Last semester, I taught introduction ethics for the first time. I introduced plenty of interaction in the classroom with focused small discussion groups. Overall, I was satisfied with how it went but there was one big disappointment: I had hoped to make this course more diverse, but I did not succeed in that goal. For one thing, I only had one non-western topic, namely the Confucian concept of jen. We also worked on the topic of the philosophy of disability, with Elizabeth Barnes' excellent article in Ethics (I have now also bought her book and hope to explore this in more depth). I think this was particularly interesting to teach, as we ended this session with the story of the woman who wanted to be blind, and I had students discuss her decision and the decision of the doctor who was willing to help her. The students gave considered, sophisticated responses. Overall, I feel the addition of diverse materials improved the course. I had about 40% readings by women authors.
Still, my overall feeling was that I did not succeed in making this course sufficiently diverse. This made me curious about several things
- What do we mean by a diverse syllabus? Women authors? Non-western philosophy? Readings by non-white/non-western philosophers? Authors with disabilities? Philosophical approaches that are traditionally marginalised such as the philosophy of disability or the philosophy of race?
- What, if anything, do we think is an acceptable minimum percentage of authors who are minorities?
- How do students respond to diverse courses?
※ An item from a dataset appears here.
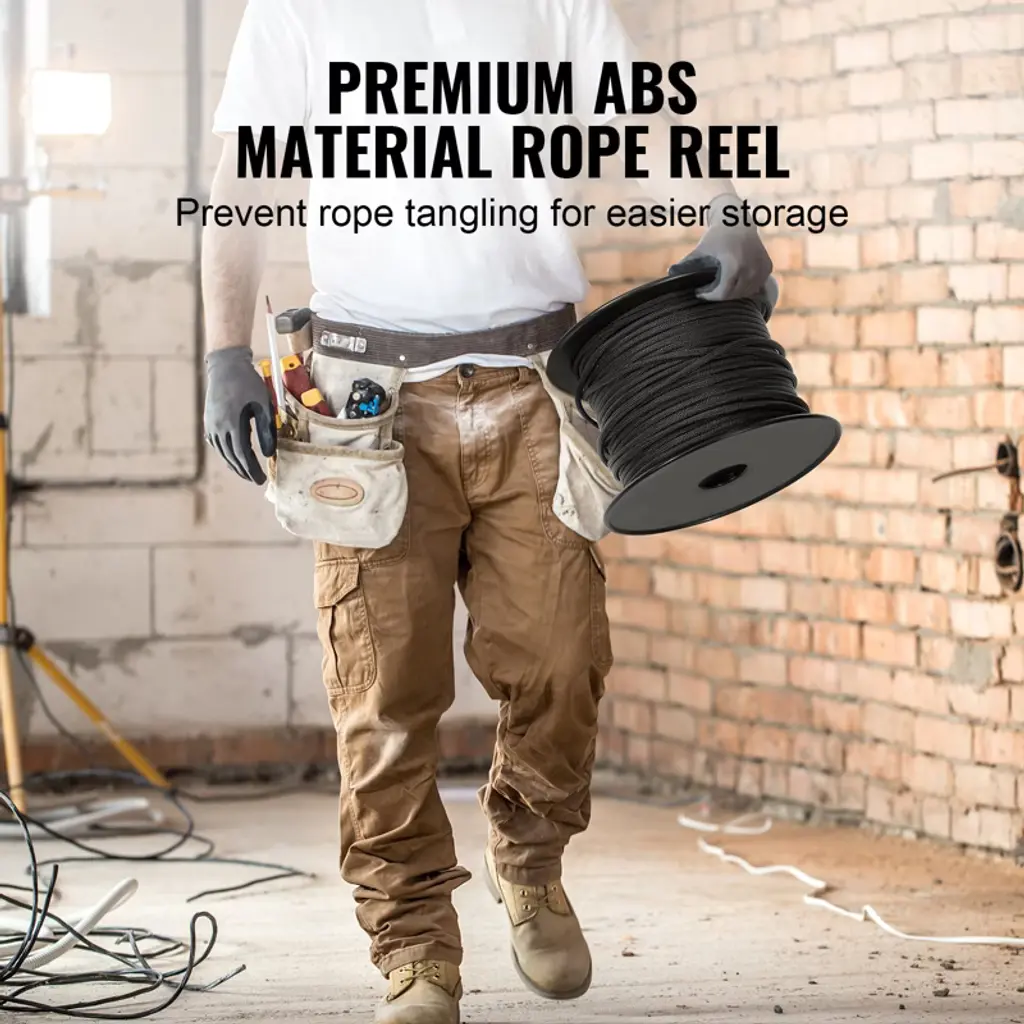 Feature: High Strength Rope: VEVOR 3/16 inch diameter braided nylon rope comes with a breaking strength of 720 LBS/3.20kN and 1000 ft/304.8 m in length. The quality is tough and reliable to handle various professional tasks as per what you need. Braided Construction: Our climbing rope features a braided design, with the combination of the high-strength nylon with a twisted inner core. It's tough enough to handle any job, yet flexible and easy to knot. Say goodbye to fraying! 1000 ft/304.8 m Length: Our outdoor climbing rope reaches an impressive length of 1000 ft/304.8 m. That's as tall as a 100-story building! Perfect for all your daily aerial work needs, whether it's home projects or outdoor adventures. 720 LBS/3.20kN Breaking Strength: VEVOR 3/16" nylon rope performs an outstanding pulling strength. It's suggested to work within 220 LBS and handle up to 720 LBS at its breaking strength; this ensures the maximum level of security during rope operations. ABS Rope Reel: Our arborist rigging rope comes with a high-quality ABS rope reel, so say goodbye to tangled messes and hello to hassle-free storage! Package Content 1 x Polyester Rope

Is their engagement with the materials different?
- Why do we find it important to have a more diverse syllabus?
- Which obstacles stand in the way of having a more diverse syllabus?
Reflecting on this last question, for me the obstacles were that, as a non-specialist in ethics, I found it hard where to begin and how to find suitable materials to start teaching. Introductions, handbooks and readers don't have much diverse material. Second, I worried about having a course that was too non-standard (I wonder if others have this worry too). I felt it was my obligation to teach at least Aristotle's virtue ethics, Kantian deontology, Mill's utilitarianism,... Since semesters are only 12 weeks in the UK, this means that at least half the syllabus is already filled with white Western men. I do think my students need to learn this basic stuff, as some of them will go into graduate school or maybe will need ethics in their later career, and it would be odd if they didn't know it.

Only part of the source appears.